Figure (7): Cerebrospinal fluid (CSF) tumor markers. Contributed by Miguel Mayol Del Valle, MD.
Brain magnetic resonance imaging (MRI) with and without gadolinium enhancement is the gold standard for evaluating pineal region tumors. However, if MRI is not available, head-computed tomographic (CT) scan, angiography, and ultrasound (in infants) can be helpful10.
Brain MRI will show homogenous enhancement, except those which appear with heterogeneous cellularity. Dense tumors, such as pineoblastomas and germinomas, will have limited diffusion on the diffusion-weighted images. However, pineal cysts are non-enhancing and usually have a thin wall; therefore, a thick wall excludes a cyst51,10.
Calcifications are often present and are easily identifiable on a head CT scan and can sometimes point into the correct direction of diagnosis. Pineal parenchymal tumors (e.g., pineocytomas or pineoblastomas) tend to disperse peripheral calcification, while germ cell tumors tend to engulf the calcifications. To keep this in mind, remember that pineoblastomas tend to blast the calcifications apart10.
Many tumors of the pineal region may seed locally or distally. Thus, a complete spinal MRI can be considered as part of the initial evaluation. Local invasion and remote seeding are important for prognosis and may alter the initial management and the adjuvant therapy10.
Findings that could indicate a worse prognosis include local invasion (mostly seen in pineoblastomas and germ cell tumors), CSF seeding (pineoblastomas seeds distally and germinomas seeds proximally), and extensive peritumor edema10.
- Treatment 10
Basically, the treatment depends mainly on the pathology and the age of the patient;
- Radiotherapy is mostly done for germinomas and is reserved for patients who are > 3 years old.
- Chemotherapy alone is given for patients who are less than 3 years of old.
- Chemotherapy plus radiotherapy are combined and given for all the non-germinomatous germ cell tumors and germinomatous germ cell tumors if the patient is less than 3 years old.
- Surgical resection is mainly used for pineal parenchymal tumors, mature teratomas, and residual tumors that did not recover after chemotherapy and radiotherapy. The surgical approach to the pineal region is selected based on the specific location of the pathology and the surgeon’s preference. They include:
1. Paramedian infratentorial supracerebellar resection:52
The most flexible approach is to remove most of the tumor in the pineal region. It is useful for all tumors of the pineal region, except for large tumors that extend laterally and inferiorly. A left-sided suboccipital craniotomy is performed to protect the torcula, right-side veins, and dural sinuses, including the transverse sinus.

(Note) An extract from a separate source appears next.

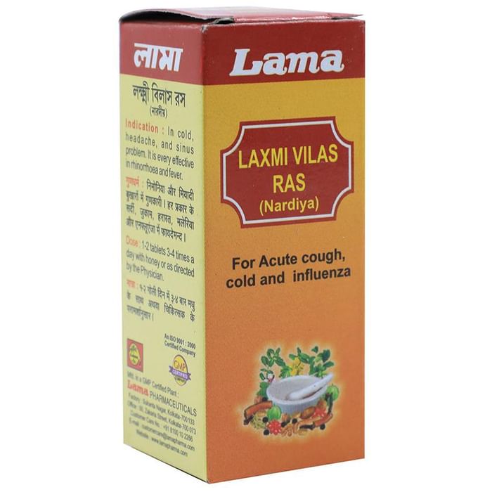 Lama Laxmi Vilas Ras (Nardiya) Lama Laxmi Vilas Ras is an ayurvedic remedy which is useful in relieving cough,cold and rhinitis. It is also helpful in relieving headache, sinus problem. acute cough and influenza can also be relieved by its usage.

2. Midline infratentorial supracerebellar resection: 53
Performed by a bilateral midline suboccipital craniotomy. The limitations of this approach are the limited lateral or inferior visualization caused by the angle of the tentorium and the obstructive apex of the culmen, respectively. As a result, all midline bridging vermian veins are almost always sacrificed.
3. Occipital transtentorial resection:54
Performed through a unilateral occipital craniotomy and especially useful for large pineal region tumors that extend laterally and inferiorly. The limitations of this approach are; anatomic orientation difficulties, the need to divide the tentorium, and the possibility of homonymous hemianopia caused by the retraction of the occipital lobe.
In the end, it is necessary to screen the full neuroaxis with all pineal region tumors. Prognosis and treatment dramatically vary depending on the spread of the tumor into the CSF. Distant CSF seeding (except for germinomas), and drop metastasis have poor prognoses. MRI of the brain, cervical, thoracic, and lumbar spine with and without contrast are required for proper neuroaxis screening. Spinal radiotherapy as a prophylactic treatment is debatable.